According to Google ngram, the phrase “junk science” made its debut circa 1975, lagging junk food by about five years. See “The Rise and Rise of Junk Science” (Mar. 8, 2014). I have never much like the phrase “junk science” because it suggests that courts need only be wary of the absurd and ridiculous in their gatekeeping function. Some expert witness opinions are, in fact, serious scientific contributions, just not worthy of being advanced as scientific conclusions. Perhaps better than “junk” would be patho-epistemologic opinions, or maybe even wissenschmutz, but even these terms might obscure that the opinion that needs to be excluded derives from serious scientific, only it is not ready to be held forth as a scientific conclusion that can be colorably called knowledge.
Another formulation of my term, patho-epistemology, is the Eleventh Circuit’s lovely “Contrivance Standard.” Rink v. Cheminova, Inc., 400 F.3d 1286, 1293 & n.7 (11th Cir. 2005).
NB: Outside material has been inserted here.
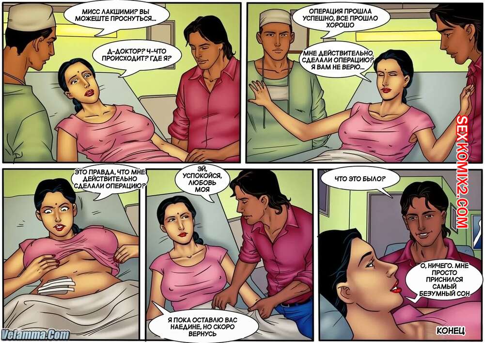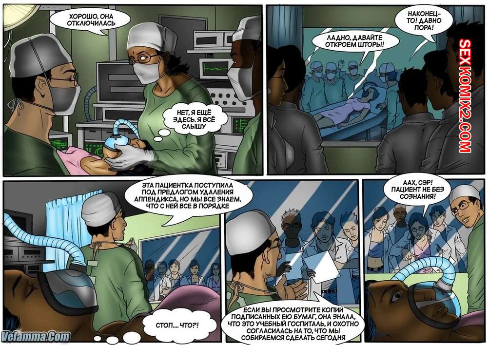 Порно комикс Сны Веламмы. Часть 8. Velamma Dreams. Kirtu Сисястая милфа Веламма попала в больницу, где с ней решили повеселиться парни врачи. Они раздели красотку и дали ей отсосать свои большие хуи, после чего выебали ее во все дырочки.

In Rink, the appellate court held that the district court had acted within its discretion to exclude expert witness testimony because it had properly confined its focus to the challenged expert witness’s methodology, not his credibility:
“In evaluating the reliability of an expert’s method, however, a district court may properly consider whether the expert’s methodology has been contrived to reach a particular result. See Joiner, 522 U.S. at 146, 118 S.Ct. at 519 (affirming exclusion of testimony where the methodology was called into question because an “analytical gap” existed “between the data and the opinion proffered”); see also Elcock v. Kmart Corp., 233 F.3d 734, 748 (3d Cir. 2000) (questioning the methodology of an expert because his “novel synthesis” of two accepted methodologies allowed the expert to ”offer a subjective judgment … in the guise of a reliable expert opinion”).”
Note the resistance, however, to the Supreme Court’s mandate of gatekeeping. District courts must apply the statutes, Rule of Evidence 702 and 703. There is no legal authority for the suggestion that a district court “may properly consider wither the expert’s methodology has been contrived.” Rink, 400 F.3d at 1293 n.7 (emphasis added).